Jacob Hickey, “Dirty Business: How Mining made Australia (Episode 3)” (2012)

Final and best episode in a three-part series, this documentary examines the mostly unhappy relationship between the mining industry and the indigenous peoples of Australia. Much of the film is a chronological timeline of the Australian First Nations’ fight for recognition in Australian law as the original owners and custodians of Australia’s lands and resources against attempts by mining companies, aided and abetted by Federal and State governments, to throw locals off their land and seize it for mining purposes. The episode follows First Nations’ attempts to understand Australian law and legal principles and use them to present their case and protest injustice, and to mobilise help and other resources when the law and government fail them. Dramatic incidents such as the presentation of the Yirrkala Bark Petitions to Federal Government in Canberra in 1963 and the failures of the Whitlam and Hawke governments in the 1970s and 1980s to assist First Nations peoples in their applications for justice are covered in some detail. The court cases initiated by Eddie Mabo against the Queensland government which overturned State acts that conflicted with the federal Racial Discrimination Act of 1975 (Mabo -v- Queensland No 1) and which overturned the concept of terra nullius in favour of the common law doctrine of aboriginal native title are mentioned here.

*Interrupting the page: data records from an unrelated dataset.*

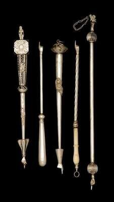 Comprising two Russian silver examples, marked 84; one example marked 800; one with a turned ivory handle; and one unmarked. (5).
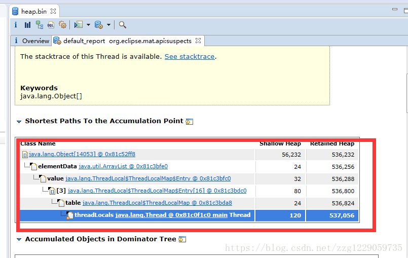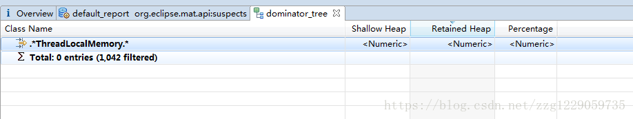 最后我们要确定Entry.key是否还在?打开Dominator Tree,搜索我们的ThreadLocalMemory,发现并没有存活的实体,
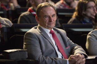 Gdańsk, Europejskie Centrum Solidarności. Lech Wałęsa występuje z przemówieniem podczas Międzynarodowego Forum Liderów Skautowych 2016. Nz. Prezes Fundacji Lecha Wałęsy Mieczysław Wachowski

Viewers get a real sense of the stupidity of mainstream Australian society in refusing First Nations’ requests for social justice and fair treatment. Time and again, First Nations activists bone up on Australian law, petition Federal and State governments and individual politicians, organise rallies and protests, and appeal to the general public’s sense of justice and compassion. Mining companies use scaremongering tactics and advertising to convince Australians and their governments that First Nations’ drive for equality and land rights will deprive them of their material comforts and create an apartheid society in which blacks claim all the best land and its wealth, and everyone else is left with nothing.

The narrative takes a David-versus-Goliath approach and presents the First Nations’ fight as a continuous, almost torturous uphill battle with all layers of government and mining management steadfastly ignoring or even resisting calls for social justice and fair treatment of Australia’s indigenous peoples. The climate of confrontation gradually changes to one of co-operation over time as ordinary Australians discover that First Nations peoples’ demands are not unreasonable and that they do deserve the right of traditional ownership of their lands and should be able to work with mining companies in extracting valuable minerals and at the same time preserve the natural environment and ecosystems in the areas where mining is done.

The coda can be quite surprising and not a little depressing: the whole time, all many First Nations communities are asking is to be consulted whenever a mining company wishes to work on their land, and to be able to nut out a fair deal for everyone. Many First Nations groups now regard mining as presenting the best opportunity for them to lift their people out of poverty, provide jobs for them and help educate their people so they can participate fully in modern Australian society and culture. If only white Australians had overcome their fears and stereotypes about First Nations peoples and agreed decades ago to recognise their traditional ownership and laws and to consult and negotiate with them, then two or three generations of activists would not have needed to carry the same old fight over and over and resources could have been shifted into finding ways of eliminating poverty among native communities ages ago. People would not have had to fight or go to jail or die in vain if everyone could have worked together in the first place. It has to be said though that mining companies do consist of people who are the products of the wider society, as are also governments, and the sea-change in attitude that took place over decades and which eventually enabled the First Nations people to win social justice and have the terra nullius principle in Australian law struck down is the unacknowledged backdrop to this episode. For this to have happened, enlightened governments had to be elected and people in the media, in education and in trade unions and other organisations had to work with First Nations people and bring their cause to the wider public. Now that a major part of the battle has been won, it does seem ironic that many First Nations communities are now falling out with social democrats and social justice supporters over the issue of agreeing with and allowing mining in tribal lands.

The episode summarises all that has been covered in the series by saying that mining, for better and for worse, has shaped Australian society and culture and Australians’ attitudes to the land they walk on and manipulated governments and public opinion for their own benefit. and will continue to do well into the future. Given the current controversies over fracking for natural gas in many parts of Australia, with many communities facing similar problems that First Nations groups did (and still do in some parts of the country), I’d say Hickey and Company don’t need to be fortune-tellers to tell us that.